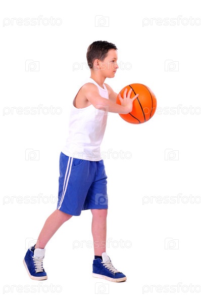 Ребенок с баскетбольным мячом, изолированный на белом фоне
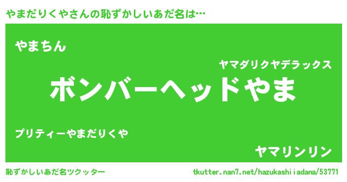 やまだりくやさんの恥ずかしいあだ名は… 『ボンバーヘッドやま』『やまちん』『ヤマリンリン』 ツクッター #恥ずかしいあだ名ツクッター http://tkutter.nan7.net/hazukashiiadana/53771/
==
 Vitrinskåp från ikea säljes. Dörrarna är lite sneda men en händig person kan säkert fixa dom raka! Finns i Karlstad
---
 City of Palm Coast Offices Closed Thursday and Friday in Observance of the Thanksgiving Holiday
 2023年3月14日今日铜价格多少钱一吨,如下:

• _Work task_:
Starting at the line containing "Ребенок с баскетбольным" and finishing at the line containing "やまだりくやさんの恥ずかしいあだ名は… 『ボンバーヘッドやま』『やまちん』『ヤマリンリン』 ツクッター", return those lines exactly as they appear above, without the pictures.

• _Exercise answer_:
 Ребенок с баскетбольным мячом, изолированный на белом фоне
 やまだりくやさんの恥ずかしいあだ名は… 『ボンバーヘッドやま』『やまちん』『ヤマリンリン』 ツクッター #恥ずかしいあだ名ツクッター http://tkutter.nan7.net/hazukashiiadana/53771/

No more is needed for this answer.